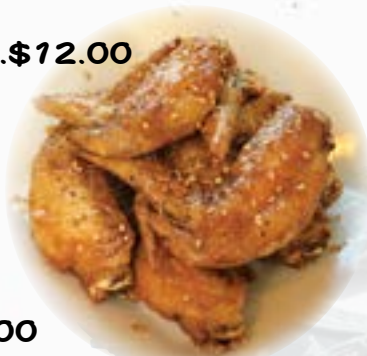
名古屋手羽地鶏 Nagoya Style Jidori Chicken Wings

Fried chicken wings tossed in special sauce, sesame seeds & black pepper.
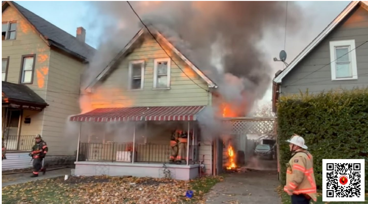
Figure 6. Conditions on Arrival

Note: Adapted from Fire Buff New York-FBNY. (2025). 11/20/25-Buffalo FD working fire at 18 Benzinger Street [video]. Retrieved, December 6, 2025, from https://bit.ly/4pVTolD .
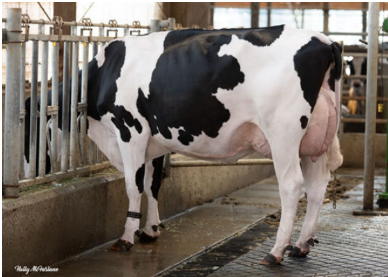
WESTCOAST MNTBLNC FR8167 11529 DAUGHTER
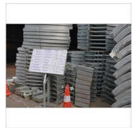
Electrical Cable Tray Support Structure

▶ [EXERCISE BRIEF]
Produce an exact copy of only those lines that run from the line with "Fried chicken wings" to the final line of the records, including both; exclude images.

▶ [THE ANSWER]
Fried chicken wings tossed in special sauce, sesame seeds & black pepper.
Figure 6. Conditions on Arrival

Note: Adapted from Fire Buff New York-FBNY. (2025). 11/20/25-Buffalo FD working fire at 18 Benzinger Street [video]. Retrieved, December 6, 2025, from https://bit.ly/4pVTolD .
WESTCOAST MNTBLNC FR8167 11529 DAUGHTER
Electrical Cable Tray Support Structure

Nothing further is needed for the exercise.